= Bladins International School of Malmö =

International school in Malmö, Sweden

Bladins International School of Malmö is an international school associated with Stiftelsen Bladins Skola, an old Swedish independent school founded in 1868 and located in the heart of Malmö, Sweden. It offers education to students ranging from 3 to 18. The school itself consists of an international pre-school, an IBO international school. The international school is accredited by the International Baccalaureate Organization and offers the PYP (Primary Years Programme), MYP (Middle Years Programme) and the Diploma Programme. In 2008, Bladins was awarded as the best school in Sweden, as the international side ninth graders achieved the highest grade point average throughout the whole of Sweden.

==History==
The International School was founded in 1987. At the time, Kockums, the Swedish submarine and ship manufacturer, won a contract to build submarines for the Australian navy. The region needed an International School for the Australian expatriate community. The International School was born.
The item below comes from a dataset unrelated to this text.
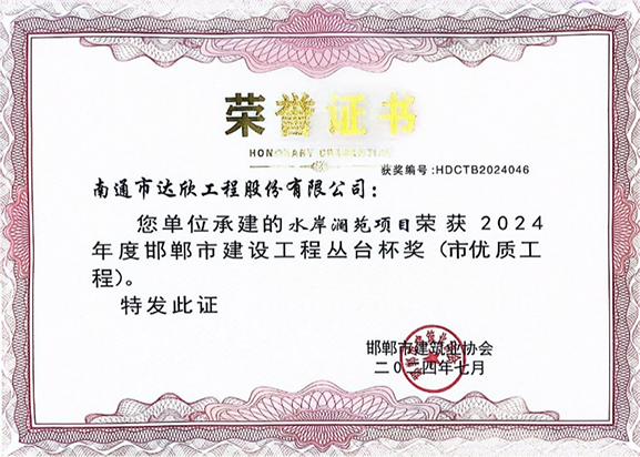 日前,從邯鄲市建筑業(yè)協(xié)會(huì)獲悉,水岸瀾苑項(xiàng)目獲邯鄲市2024年度優(yōu)質(zhì)工程---“叢臺(tái)杯”工程。

Bladins International School now has more than 300 students of 30 different nationalities. It offers an international education for students between 3 and 16 years. All teaching is in English and under the umbrella of the International Baccalaureate Organisation (IBO), which develops the IBO curriculum.

In 1995 Bladins International School was the only school in Sweden to be authorised by the IBO to teach the Middle Years Programme for pupils aged 11 to 16. Since 2000, it has been authorised to teach the Primary Years Programme for pupils aged 3 to 11. As an IB school, the education is similar to all other 1,895 IB world schools, based in 124 countries.